As Secretary for Work and Pensions, IDS oversaw a wide range of controversial changes to welfare provision before offering his shock resignation in response to last week’s Budget announcement.

On Sunday’s BBC Andrew Marr Show he accused the Prime Minister and Chancellor of going too far in their quest to tackle the nation’s fiscal deficit. The juxtaposition of tax cuts for the wealthy and cuts to Personal Independence Payments (PIP) to those with disabilities, he said, were indefensible.

During the same programme former Liberal Democrat minister David Laws told of the divisions between Mr Osborne and Mr Duncan Smith throughout the last parliament.

Despite five years of very public Tory reservations over sharing power, if IDS’s claims of conscience are to be believed and accusations of political motivation disparaged then having the Lib Dems in government to veto Osborne’s agenda must have been a god send.

So, are we better off with coalitions?

For a country said to be so used to one-party rule, throughout the last Westminster mandate of 2010-2015 the only one-party majority government to be found across the UK was the SNP-dominated Executive in Scotland, elected in 2011.

Even there the SNP majority was a surprise, garnered within an electoral system actually designed to prevent any one party from dominating. In Wales, the current government is a minority Labour government.

Coalition requires political parties to compromise, to complement and even sacrifice manifesto pledges for the sake of forging agreeable programme for government.

Between 2010 and 2015, depending upon the Lib Dems to wield power at Westminster a Conservative Party sceptical of power-sharing and divided over Europe displayed rather impressive party discipline.

Now, having upped their representation in the House of Commons and won a surprising though slim majority of 17 seats, amazingly the Prime Minister and Chancellor have never looked more vulnerable.

Backbenchers are rebelling over welfare and cracks ahead of June’s EU referendum have been blown wide open.

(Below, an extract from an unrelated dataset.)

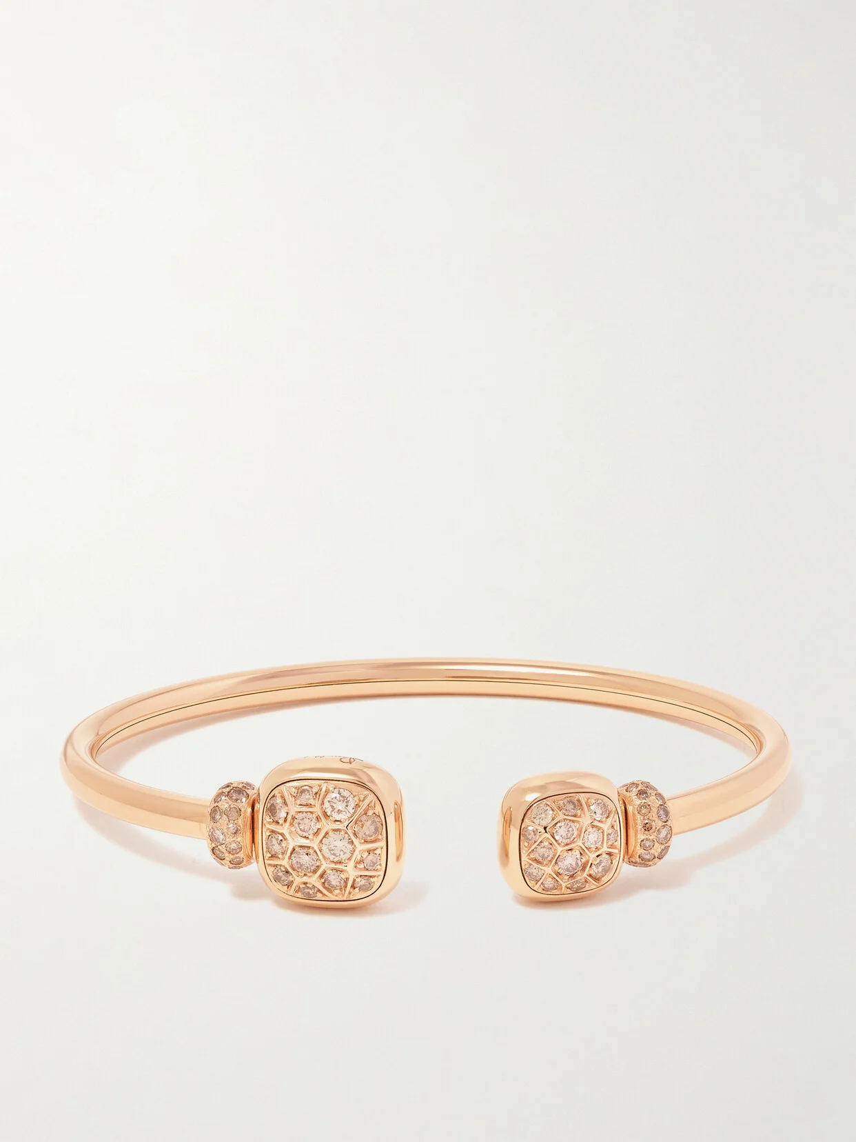 Pomellato's 'Nudo' cuff is set with brown diamonds, which emit a warm and beautiful glow. It's handcrafted from 18-karat rose gold that complements their unique tone and is detailed with glimmers of white topaz.

Some pundits are predicting all-out Tory civil war.

In Northern Ireland, mandatory coalition often comes under criticism but, really, our ways of institutions are more stable than we give them credit.

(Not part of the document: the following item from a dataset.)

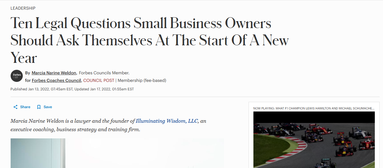Ten Legal Questions Small Business Owners Should Ask Themselves At The Start Of A New Year- Forbes 1/22

Power-sharing is a fact of political life here. Elsewhere too, given the fragmentation of parliaments across the continent, inter-party governments are becoming more commonplace.

Previously, if our two biggest parties agreed to a Programme for Government and smaller groups refused to take their seats at the Executive, pundits would have predicted the political equivalent of Armageddon. Now, not so much. Despite the rhetoric, compromise is at the heart of Stormont.

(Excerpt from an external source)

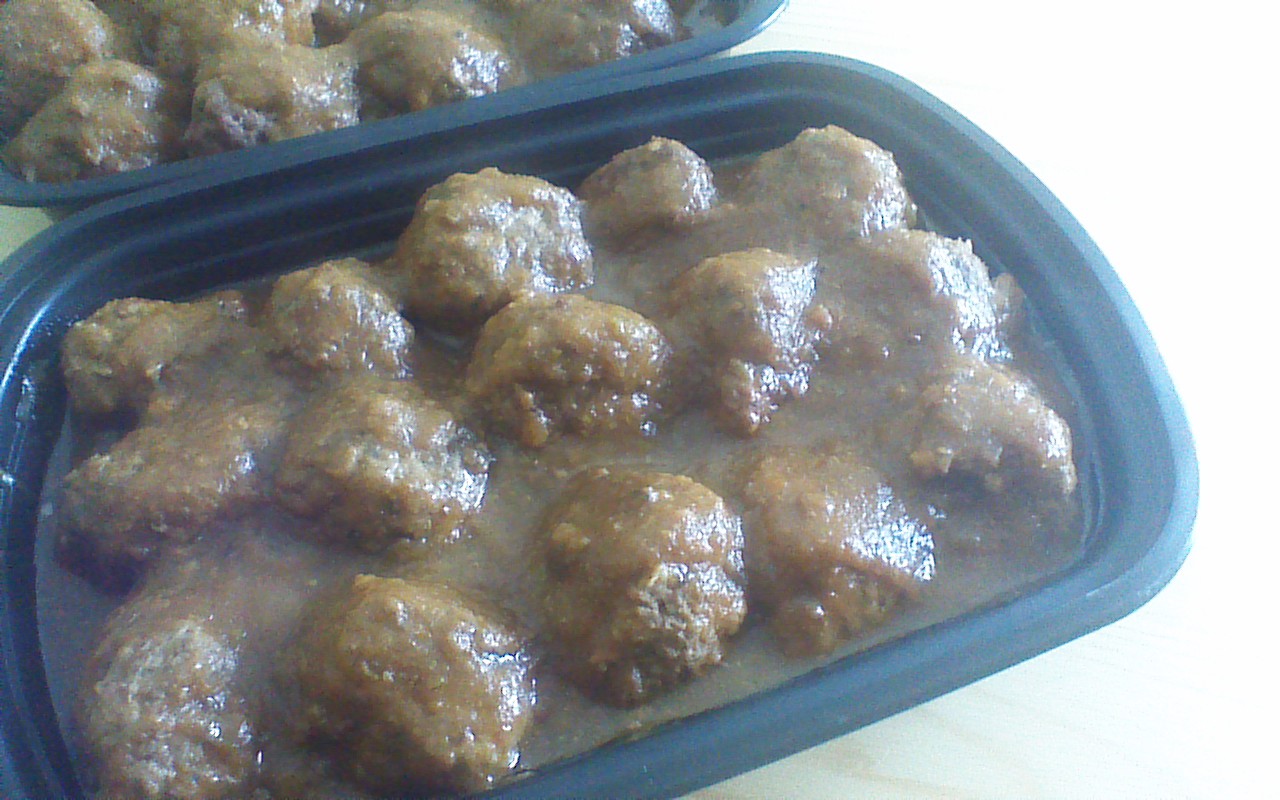 Option 1, you can place a dozen or so in a picture472frying pan at a time, and cook them on the stovetop for approximately 10 minutes over low-medium heat.  You will need to shake the pan handle often to roll the meatballs around and prevent sticking.  This method makes nice, round, “company suitable” meatballs.  The disadvantage is that you need to work in small batches, which will take a while.

Following May’s elections, should the Ulster Unionist Party and SDLP choose to go into opposition together at the Assembly such a move may be viewed more with interest than anxiety.

Whatever you believe Ian Duncan Smith’s reasons for resigning may be, there is no doubting that the presence of another party in government vetoing his own Chancellor’s demands kept him from quitting earlier.

No form of government is perfect, it seems, but compromise is the prerequisite for good governance.